As another example, in some embodiments, additionally or alternatively, a limit is set or not set for waiting depending on the location in backup memory storage entity 170 that the freed up storage segments are backed up to, for example during stage 302. These embodiments assume that the likelihood of timeout prior to write acknowledgement is higher if the freed up storage segments are backed up to certain locations in backup memory storage 170. Therefore, these embodiments assume that for a command that is not specially handled, it would take longer for the command to be written to primary memory storage entity 160 if the backup of freed up storage segments are to certain locations in backup memory storage entity 170 rather than to other locations.
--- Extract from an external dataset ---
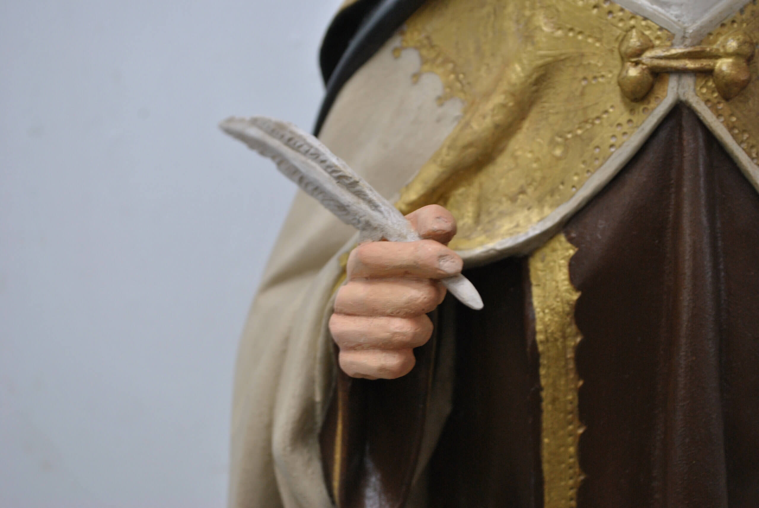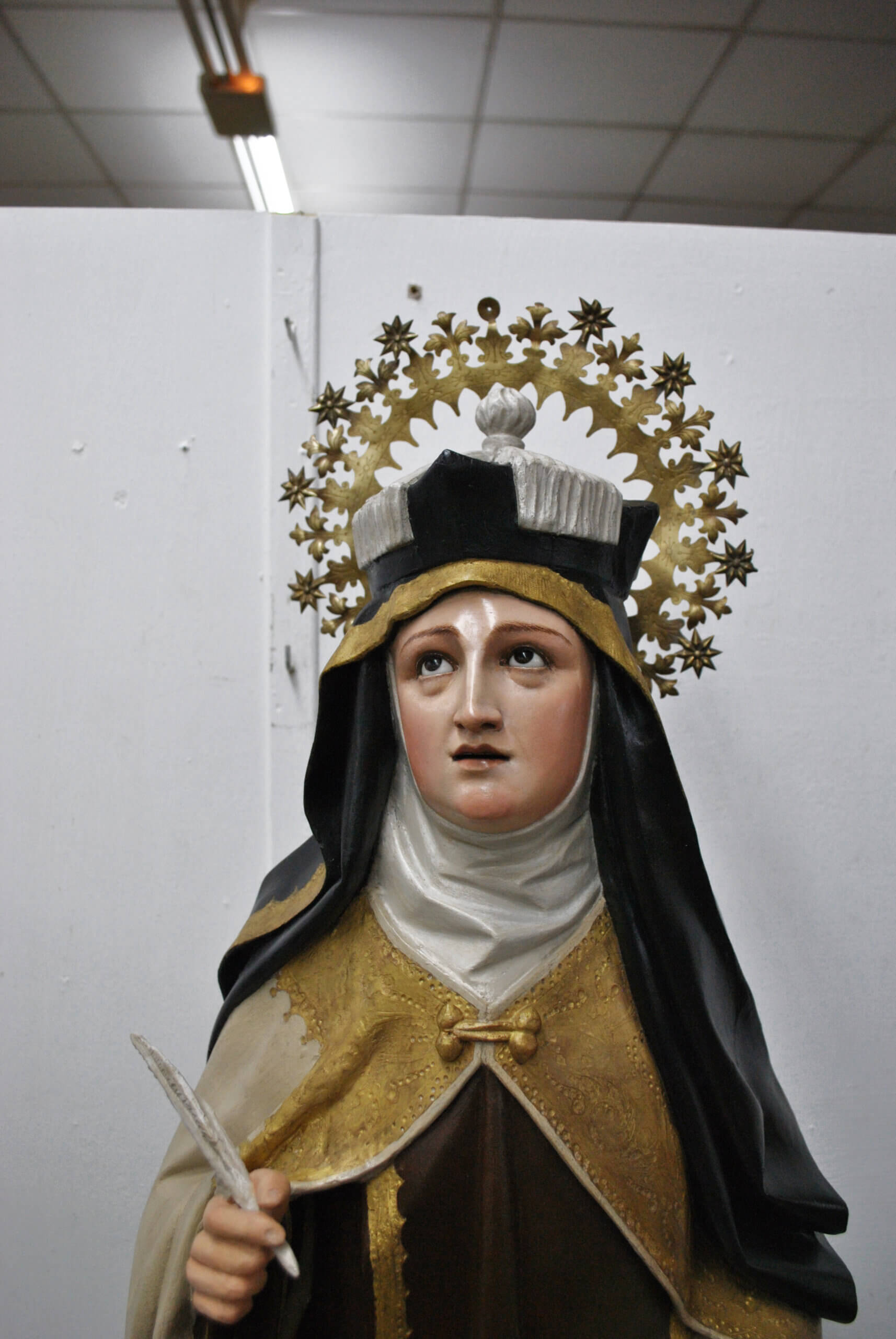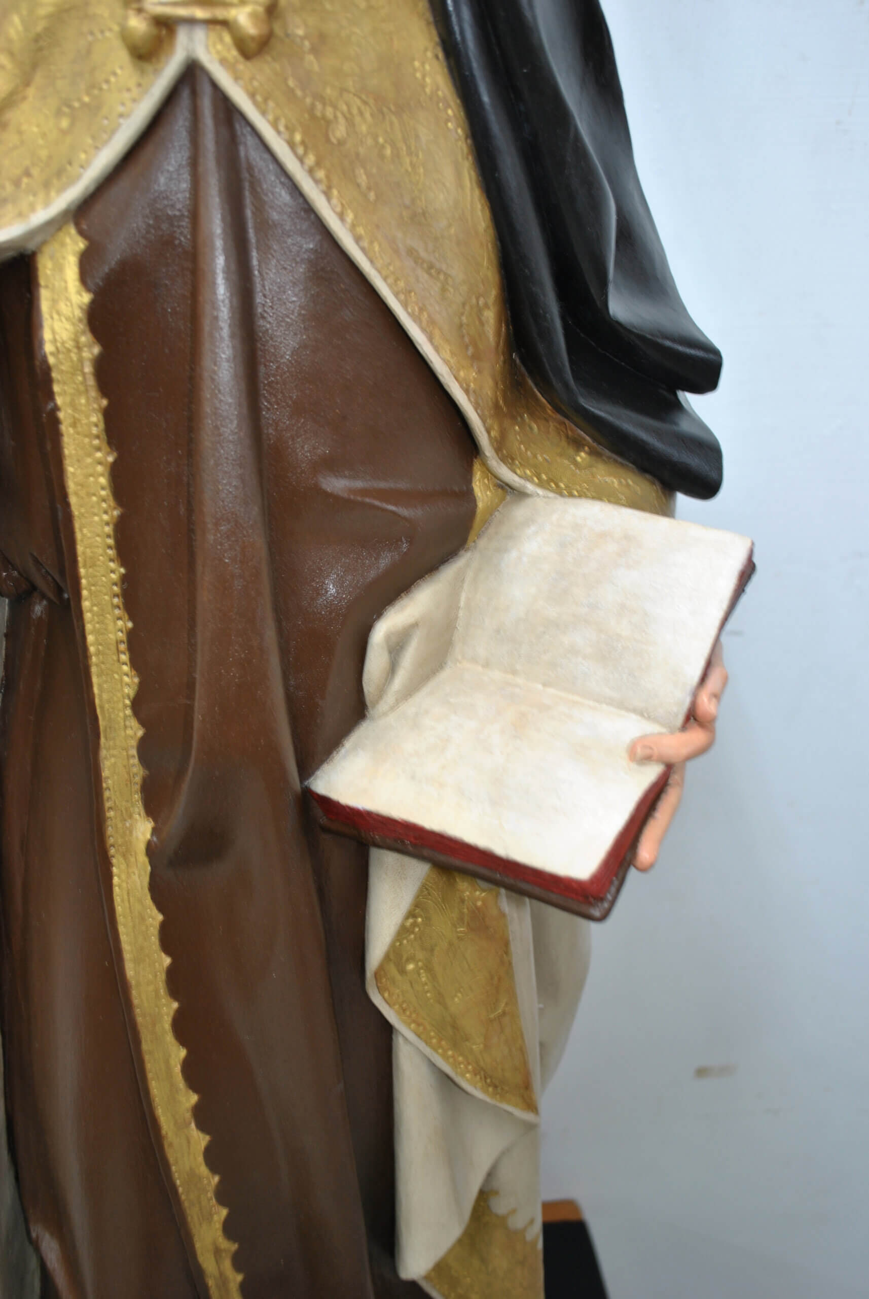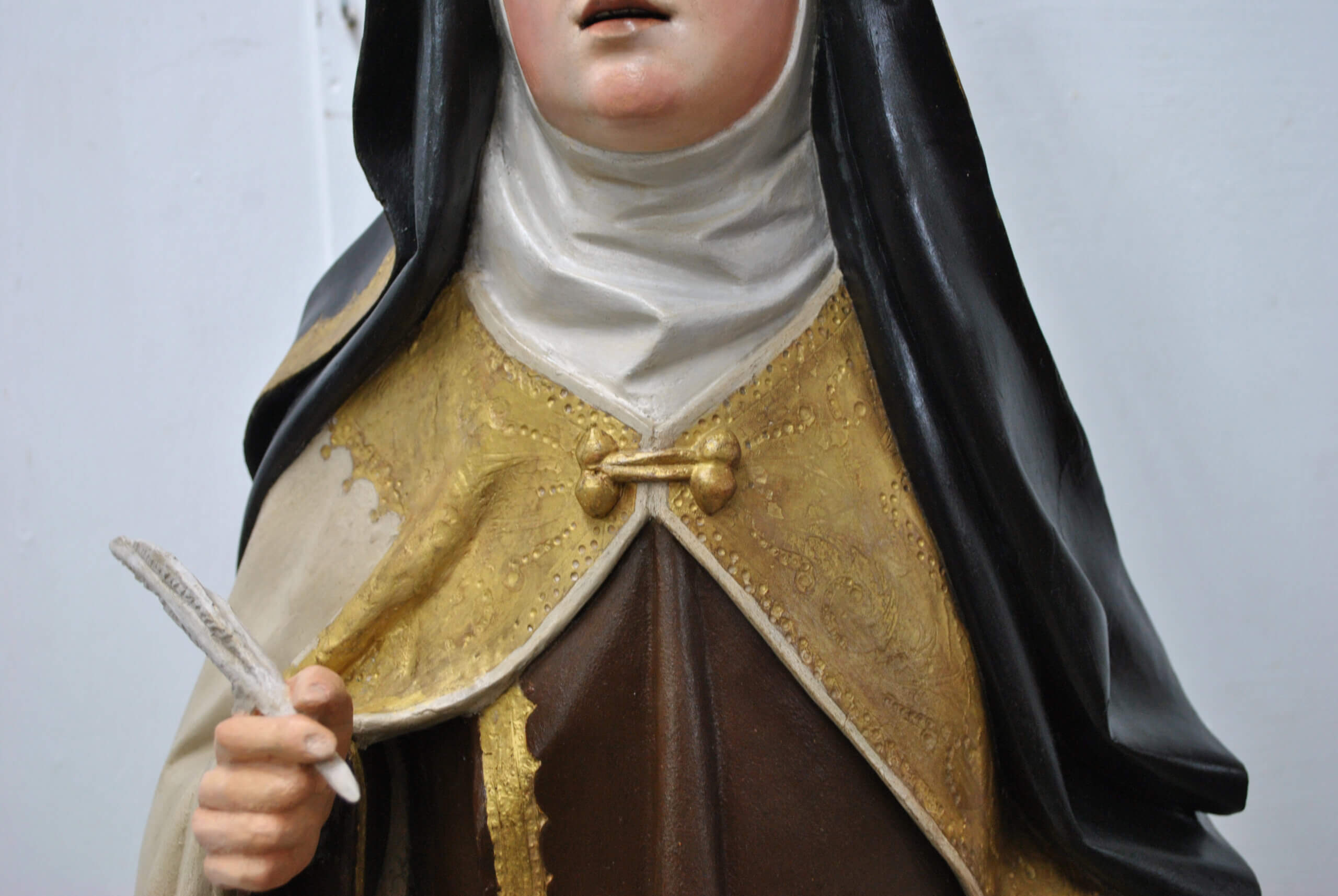 REF: PA-272 : Magnífica escultura religiosa en madera tallada y policromada, representando a Santa Teresa de Jesús, una de las grandes figuras del misticismo español. La santa aparece de pie sobre una base escalonada dorada, sosteniendo en su mano derecha una pluma, símbolo de su labor como escritora y Doctora de la Iglesia, y en la izquierda un libro abierto, alusivo a su obra espiritual.

As another example, in some embodiments, additionally or alternatively, a limit is set for waiting if the average number of segments per command stored in primary memory storage entity 160 is at or smaller than a predetermined ceiling and not set if the average is larger than a predetermined ceiling. Typically although not necessarily, it takes longer to free up space containing a large number of small commands due to the higher number of disk seeks than the same space containing a smaller number of large commands. These embodiments assume that the likelihood of timeout prior to write acknowledgement is higher when the average number of segments per command is at or smaller than a predetermined ceiling. Therefore, these embodiments assume that for a command that is not specially handled, it would take longer for the command to be written to primary memory storage entity 160 if the space that will be freed up in primary memory storage entity 160 (e.g. during stage 302) includes more commands whose average number of segments is smaller than if the space that will be freed up includes less commands whose average number of segments is larger.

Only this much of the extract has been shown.